Mi bloccai di colpo. In pochi istanti ripercorsi le parole che Irina aveva appena pronunciato. Lasciai cadere le chiavi a terra e spinsi con il tallone la porta: al diavolo Marta, quello che Irina aveva vissuto era frutto di quella connessione speciale che si crea tra due persone che si amano. Il rumore della serratura della porta che si chiudeva dietro di me segnò l'inizio del primo bacio tra me e Irina. Non ricordo chi dei due si buttò tra le braccia dell'altro, chi osò per primo lanciarsi in quel bacio. Quel che ricordo bene è la dolcezza che provai, la tenerezza delle sue mani sul mio viso, il calore del suo corpo contro al mio. Improvvisamente e finalmente avevo chiaro quello che desideravo davvero. Non avrei più dovuto mentire a me stesso: volevo Irina. Interruppi quel primo bacio per prenderla in braccio. Dopo averla sollevata da terra, stringendola a me, mi diressi in quella che era stata la mia cameretta
e che adesso era la sua stanza. L'adagiai sul letto con delicatezza. Poi le sue labbra tornarono ad unirsi alle mie, le nostre lingue iniziarono a giocare e a inseguirsi nelle nostre bocche mentre poco a poco ci andavamo spogliando. Ci ritrovammo nudi a fare l'amore, a scopire quanto dolce fosse sentire i nostri respiri affannati mentre io mio muovevo dentro di lei e lei rispondeva accompagnando con movimenti del suo bacino i miei affondi. La baciai sul collo, tra i seni, sulla bocca, affondai i miei denti nella sua carne mentre liberavo dentro di lei il mio seme. Irina fece altrettanto, baciandomi il viso, la fronte, mordendomi il mento e infine stringendomi a se mentre le venivo dentro. La sentìi gemere di piacere un'infintà di volte quella notte, assaporai il suo sesso grondante di umori, la trascinai più volte fino all'orgasmo e rimasi ad ammirarla mentre il suo corpo vibrava di piacere. Con le prime luci dell'alba ci ritrovammo sfiniti e appagati l'uno nelle braccia dell'altra. Dopo aver dormito qualche ora ci risvegliammo abbracciati, consci che avremmo iniziato da quel giorno a scrivere insieme un nuovo capitolo della nostra vita.

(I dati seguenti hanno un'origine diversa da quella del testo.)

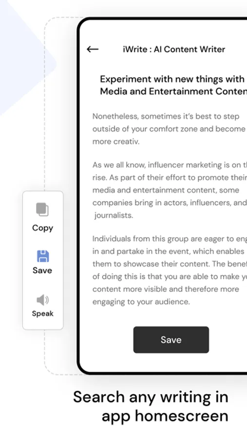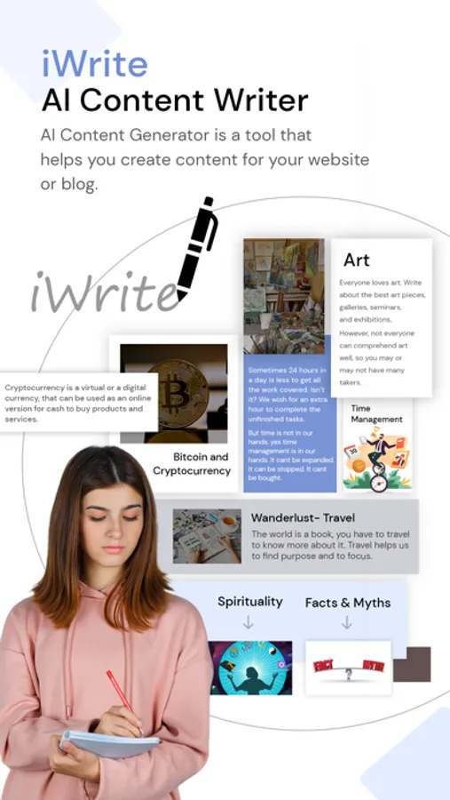 iWrite : AI Content Writer allows you to write blog posts of up to 1500 words in just few seconds. All you need to do is provide a topic and It's a fully automated AI Content Writer that creates articles with little need for editing.
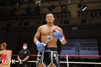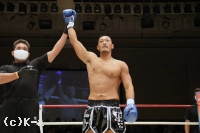 「(試合の感想は?)3KOという形で終えられたことが一番うれしいんです。ただ色んな動きをして経験を積んで、次につなげるという課題を持っていたのですが、緊張などあって動きが硬かったことが反省点です。(相手の印象は?)もともと自分と同じ空手の選手ということで噛み合うかなと思ったんですけど、実際は距離を遠くに感じて。ローも結構強くて、一発ローをもらって『強いな。空手の蹴りだな』と思いました。(今後の目標は?)今のままだと経験の差で負けることがあると思います。なのでもっと経験を積んで、いずれクルーザー級を引っ張る選手になりたいと思います」
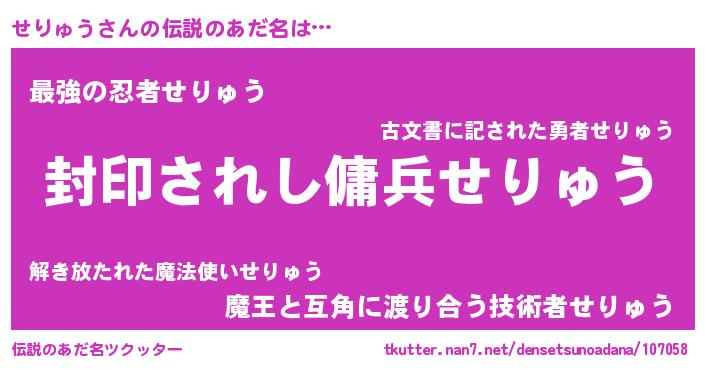 | ヒーロー風カッコイイあだ名 | 『スーパーセリュウ』『ネオセリュウ』 |
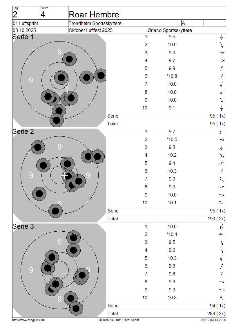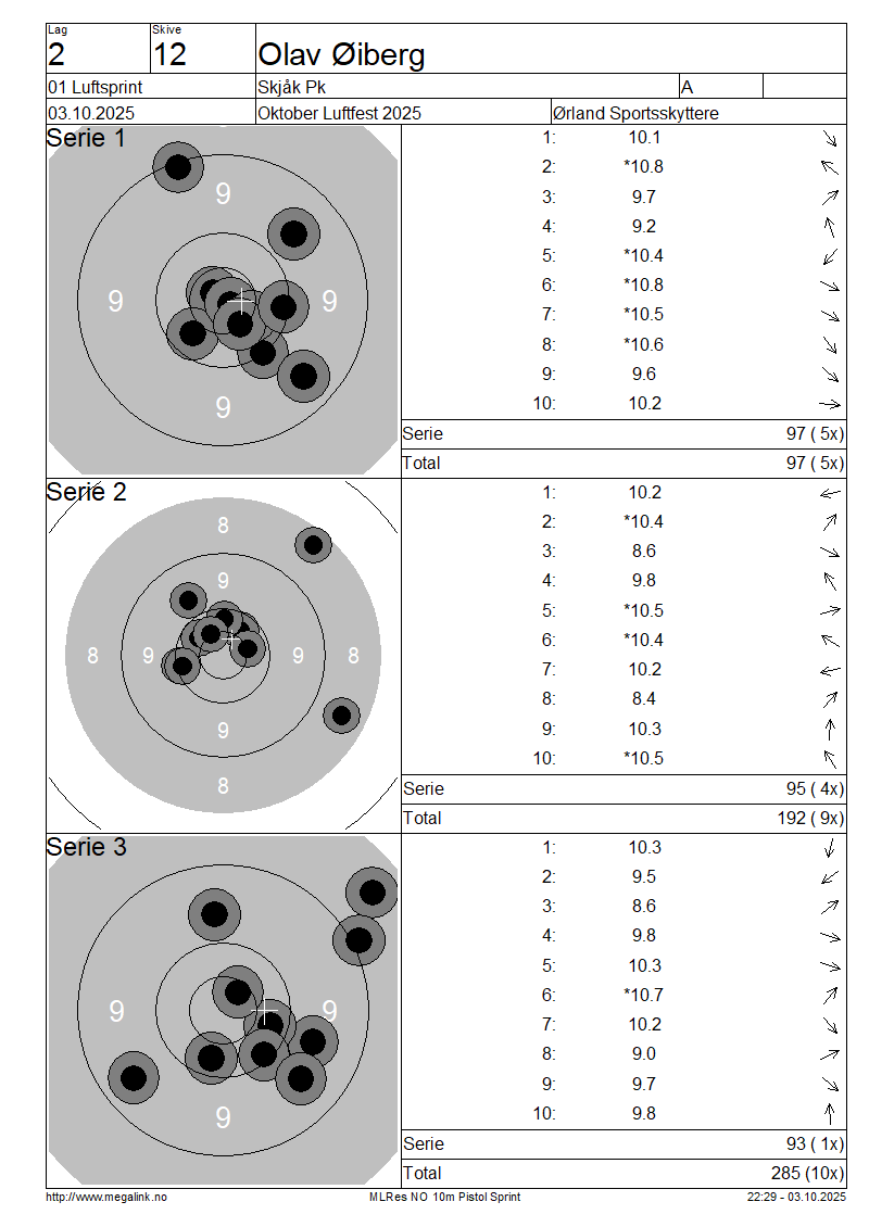 | 12 | 2 | ØIBERG Olav | Skjåk Pk | A | 97 | 95 | 93 | 285-10x | |||||||||||||||||||||||||||||||||||||||||
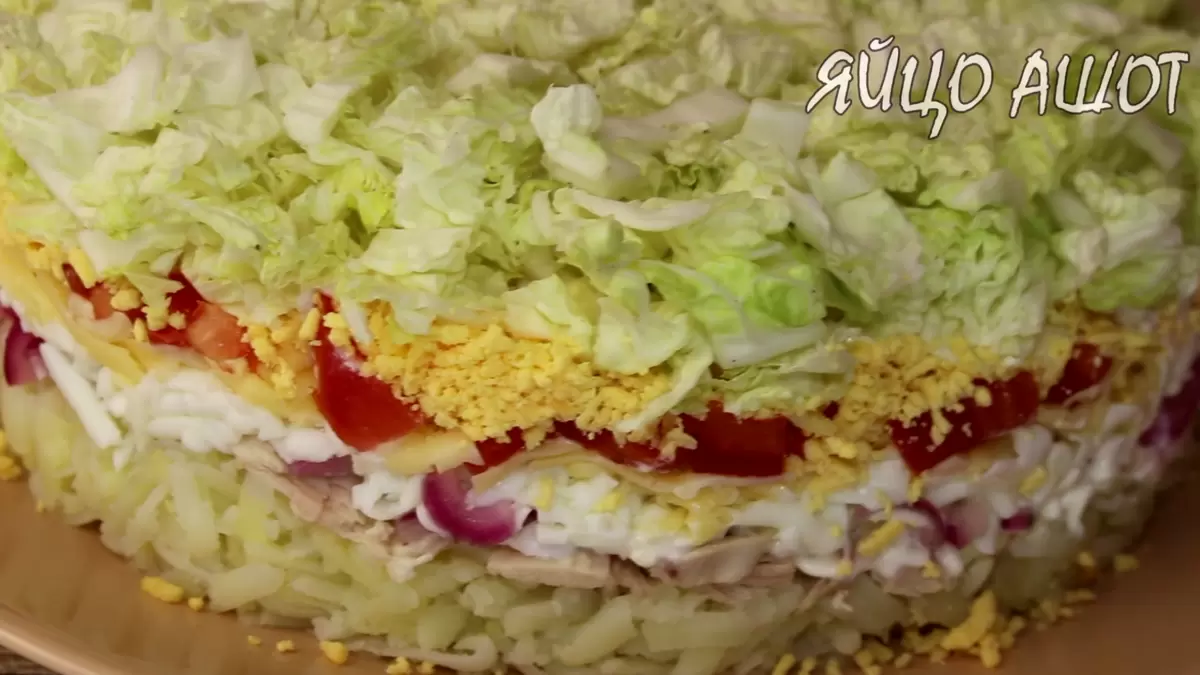 Завершаем оформление мелко нарезанным помидором и посыпаем тертыми желтками, создавая красивый контраст. Финальный штрих — тонко нарезанная пекинская капуста, добавленная сверху.
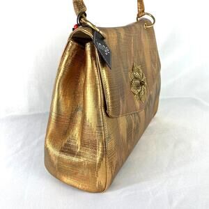 VTG 50s INGE Flap Satchel Bag Gold Chevron Leather Old Money Filigree Flower NWT
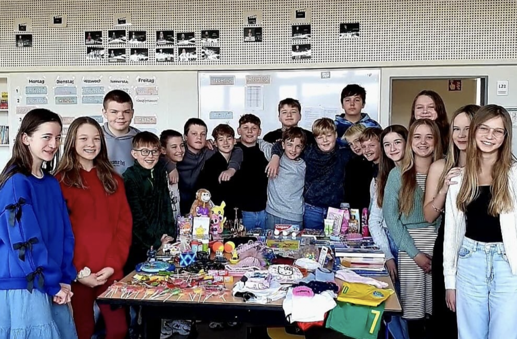 Die Klasse 7b hat in den letzten Tagen mit viel Herz und Engagement Päckchen für den Weihnachtspäckchenkonvoi gepackt. Gemeinsam haben sie Spielsachen, Schreibwaren, Kleidung und kleine persönliche Grüße gesammelt, sortiert und mit Sorgfalt eingepackt. Die Päckchen gehen an Kinder in Osteuropa. Wir freuen uns über den Einsatz, die Zeit und Bereitschaft der 7b, anderen eine Freude zu machen. Nächste Woche werden sie abgegeben. Ihr könnt auch noch ein Päckchen packen!

Sono le 16.30 di un bellissimo pomeriggio di primavera, sono passati circa 7 mesi dal giorno in cui Irina e io abbiamo fatto l'amore per la prima volta. In questo momento la commissione universitaria la sta proclamando dottoressa in infermieristica e si sta congratulando con lei nell'aula magna dell'università. In grembo porta il nipotino che mia madre per anni aveva tanto desiderato e che non ha potuto vedere a causa di un improvviso arresto cardiaco che, in silenzio, nel bel mezzo della notte, se l'è portata via nel sonno, impedendo a me e Irina di regalarle quello che ci aveva chiesto. Il mio matrimonio e la mia storia con Marta sono finiti quella sera che sono uscito da quella che era stata per anni la nostra casa; mi sono trasferito a casa di mia madre e ho iniziato la mia vita con Irina che desidero sposare appena avrò ottenuto il divorzio da Marta.
Questo, per adesso, è il mio 'vissero felici e contenti'.